Deere Hails Brazil Farmers -- WSJ
20 May 2017 - 5:03PM
Dow Jones News
By Bob Tita
Farm-machinery maker Deere & Co. raised its profit forecast
for the year by 33% on booming demand in South America, an
unexpectedly rosy outlook that sent shares in agricultural
equipment and supply companies up sharply.
Cash-flush farmers in Brazil and elsewhere in South America are
expected to buy 20% more tractors and harvesting combines after
record harvests this year, Deere said, even as industrywide sales
are expected to fall 5% in the U.S. and Canada amid a multiyear
slump in prices for corn, wheat and soybeans.
"South America is a growth market," said Joel Tiss, an analyst
for BMO Capital Markets. "The profitability of farms is better
because the costs there are lower. They get three crops a year, so
the equipment is used much more intensely."
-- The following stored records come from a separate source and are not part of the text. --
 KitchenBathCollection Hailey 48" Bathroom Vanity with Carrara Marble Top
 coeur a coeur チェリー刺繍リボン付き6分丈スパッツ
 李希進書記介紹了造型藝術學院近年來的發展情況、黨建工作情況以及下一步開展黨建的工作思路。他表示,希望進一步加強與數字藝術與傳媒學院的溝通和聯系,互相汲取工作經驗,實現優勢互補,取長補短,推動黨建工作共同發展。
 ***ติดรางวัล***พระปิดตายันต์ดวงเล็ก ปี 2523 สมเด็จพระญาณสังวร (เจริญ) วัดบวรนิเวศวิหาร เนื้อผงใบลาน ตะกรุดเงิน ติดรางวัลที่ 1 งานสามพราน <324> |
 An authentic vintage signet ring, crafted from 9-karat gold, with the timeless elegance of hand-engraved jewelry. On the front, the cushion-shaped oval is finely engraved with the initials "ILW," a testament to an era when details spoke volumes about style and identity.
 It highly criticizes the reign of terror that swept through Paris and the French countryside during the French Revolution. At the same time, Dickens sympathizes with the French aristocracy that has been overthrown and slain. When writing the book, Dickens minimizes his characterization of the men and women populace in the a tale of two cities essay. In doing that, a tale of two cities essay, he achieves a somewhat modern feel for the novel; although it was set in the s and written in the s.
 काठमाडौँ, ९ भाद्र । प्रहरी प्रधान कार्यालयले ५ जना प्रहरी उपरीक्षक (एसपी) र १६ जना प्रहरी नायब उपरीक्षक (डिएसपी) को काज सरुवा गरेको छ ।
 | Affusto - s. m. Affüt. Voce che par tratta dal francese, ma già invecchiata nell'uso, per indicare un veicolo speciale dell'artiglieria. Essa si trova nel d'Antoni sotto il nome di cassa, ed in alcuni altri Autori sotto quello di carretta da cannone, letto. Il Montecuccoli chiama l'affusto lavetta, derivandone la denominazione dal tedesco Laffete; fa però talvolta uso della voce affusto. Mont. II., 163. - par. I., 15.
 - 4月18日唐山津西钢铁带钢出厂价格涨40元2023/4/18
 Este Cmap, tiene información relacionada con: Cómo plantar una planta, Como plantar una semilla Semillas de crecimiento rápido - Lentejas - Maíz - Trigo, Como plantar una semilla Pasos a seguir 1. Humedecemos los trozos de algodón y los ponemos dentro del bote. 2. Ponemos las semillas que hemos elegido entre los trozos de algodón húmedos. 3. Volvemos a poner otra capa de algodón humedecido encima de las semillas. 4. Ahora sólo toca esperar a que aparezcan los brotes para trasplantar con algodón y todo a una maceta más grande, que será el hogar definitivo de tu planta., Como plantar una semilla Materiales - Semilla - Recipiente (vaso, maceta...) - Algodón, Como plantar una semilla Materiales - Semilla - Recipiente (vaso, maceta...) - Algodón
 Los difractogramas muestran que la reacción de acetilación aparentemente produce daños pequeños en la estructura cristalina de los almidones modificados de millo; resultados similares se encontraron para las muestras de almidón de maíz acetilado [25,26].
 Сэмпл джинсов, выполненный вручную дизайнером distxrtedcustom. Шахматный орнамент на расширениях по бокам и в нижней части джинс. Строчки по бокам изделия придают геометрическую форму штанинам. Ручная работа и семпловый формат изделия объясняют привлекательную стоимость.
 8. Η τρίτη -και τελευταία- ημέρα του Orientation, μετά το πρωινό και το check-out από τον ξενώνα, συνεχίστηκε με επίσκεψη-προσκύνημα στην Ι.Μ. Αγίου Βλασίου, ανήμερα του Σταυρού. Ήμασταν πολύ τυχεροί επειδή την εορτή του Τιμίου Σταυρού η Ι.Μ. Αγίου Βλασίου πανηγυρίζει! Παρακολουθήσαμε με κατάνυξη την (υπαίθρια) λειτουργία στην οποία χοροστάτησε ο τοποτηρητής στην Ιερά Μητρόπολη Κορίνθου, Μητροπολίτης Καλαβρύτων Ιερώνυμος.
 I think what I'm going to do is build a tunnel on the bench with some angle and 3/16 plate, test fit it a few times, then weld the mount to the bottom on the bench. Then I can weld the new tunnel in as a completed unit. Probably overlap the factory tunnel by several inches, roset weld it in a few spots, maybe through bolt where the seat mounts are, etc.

Deere raised its earnings forecast to about $2 billion for its
fiscal year ending Oct. 31. The company expects revenue from farm
and construction machinery to grow about 9% to $25.5 billion; in
February, it had projected $24.3 billion .
Deere's bullish outlook marks a rare bright spot for an industry
struggling amid a long downturn in the U.S. farm economy. The
Moline, Ill.-based company said it still expects lackluster sales
of its green-and-yellow tractors and combines this year in the U.S.
and Canada, which accounted for about 70% of its farm-equipment
sales last year.
The slump, driven by years of strong harvests that have produced
record global grain stockpiles, is pushing some U.S. farmers to the
brink of bankruptcy. That has left them with less cash to buy
everything from seeds to combines, weighing on major
agriculture-focused firms. Deere's farm equipment sales fell 36% to
$18.5 billion in 2016 from a peak of $29.1 billion in 2013.
"We're not seeing significant changes in the outlook for our
farmer customers," said Tony Huegel, Deere's director of investor
relations. "It's hard to argue today for significant recovery in
commodity prices."
Deere on Friday reported a profit of $802.4 million in its
second quarter ended April 30, up 62% from a year earlier. Cost
reductions helped draw that profit from a relatively modest 2.2%
rise in farm and construction equipment sales overall. Total
revenue including Deere's financial services business, rose 5% to
$8.2 billion. Proceeds from the sale of a landscaping distribution
business also boosted profit.
Deere said sales of farm and construction equipment in the U.S.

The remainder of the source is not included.